As expected, the dinner yielded a plethora of fascinating wines. Coincidentally, most were reds either from Bordeaux, Burgundy, Spain or the USA. My Chambolle-Musigny, Derrière la Grange 1er Cru 1996 was light and delicate, slightly dominated by acidity with typical Pinot floral notes and red fruits. Alas, the cork yielded few clues as to the producer, but from some sleuthing on the Internet, I have it on good authority that it was most likely from Domaine Louis Remy (since renamed to Domaine Chantal Remy). I am glad that it was one of the first wines to be opened, as the next wine, the Domaine Prieuré Roch Vosne-Romanée Le Clos Goillotte 2002 was much sturdier with rich notes of wood, coffee bean, cacao and redcurrants. The wine was bottled unsulphured, and showed amazing length.

Representing Spain were wines from various regions including Rioja, Ribera del Duero and a particularly interesting Bodegas Viña Magaña Torcas 2002 from Navarra. A Bordeaux blend with Syrah, the flavour profile was that of sour cherry, black fruits, spice and a curious note of incense that added an exotic touch. Delicious and very well-priced.

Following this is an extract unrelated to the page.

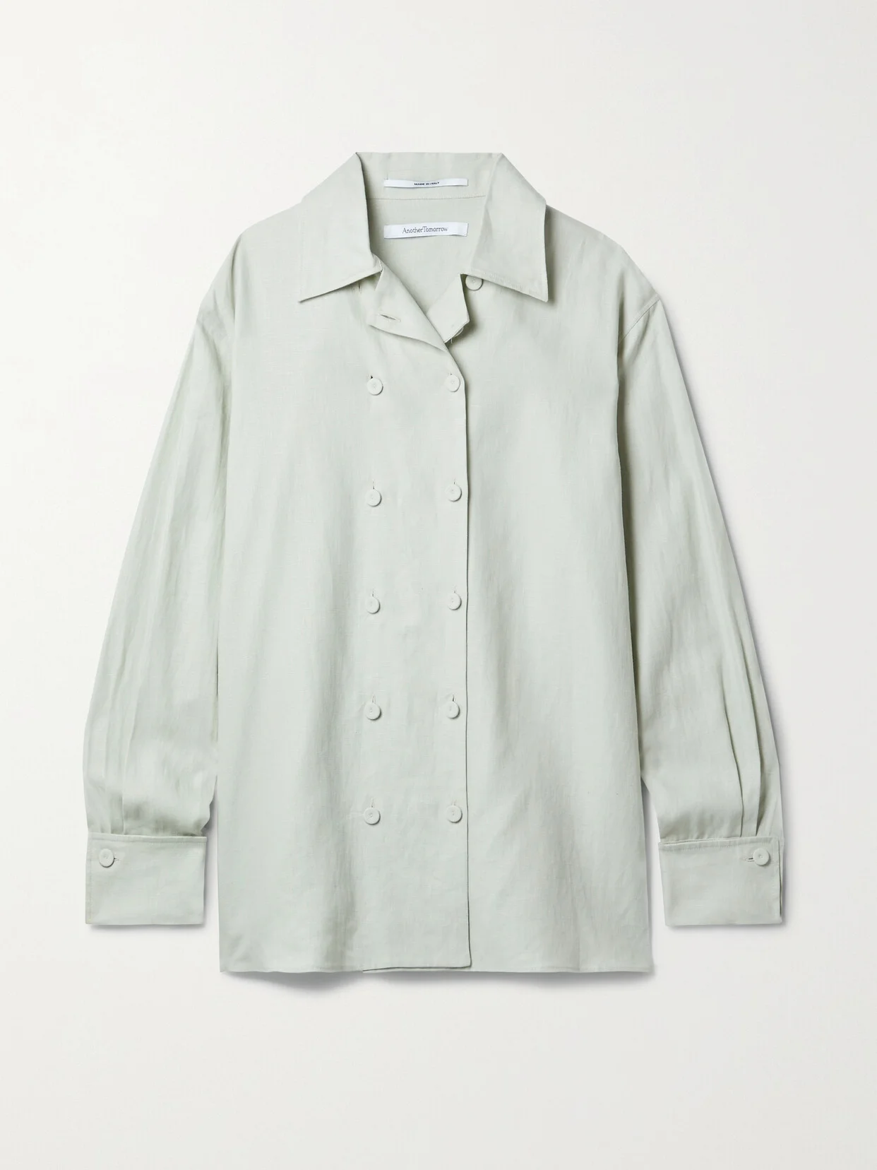 Another Tomorrow's shirt fastens with two rows of covered buttons, marking it out in the most elegant way from more classic styles we know and love. Made from mint certified linen, it has equally distinctive cuffs and works beautifully with the brand's matching shorts. This product was created using Considered Materials. Find out more about NET SUSTAIN here.

The wine that blew me away was the Beaulieu Vineyard 1966 Cabernet Sauvignon. Superbly integrated yet with still intense flavours and delicious tertiary elements, this wine shows the incredible longevity of Napa Valley wines. Upon tasting it, a fellow sommelier commented that it had the signature "Rutherford dust", a tasting term referring to the specific terroir of the Rutherford AVA. I do not think that it refers to tasting of dust specifically, although there was a wonderful earthiness to the wine. A rare treat indeed!

There were also some eclectic additions to the line-up such as a Texan wine and an unfiltered sherry (the last being discreetly slipped in by myself). As can be expected, the Becked Vineyards Claret 2005 was quite a big, burly wine, with a rich jammy sweetness and a noticeable charry note. Compared to regular sherries, the Hidalgo La Gitana Manzanilla "en Rama" was turbo-charged, with precise and clear saline notes and a long, nutty finish. Mix this with some oily olives and you are in heaven. Really a pity that sherry does not find much favour in Singapore.

The final tally of the evening, taken at around 3am, was a total of 23 wines.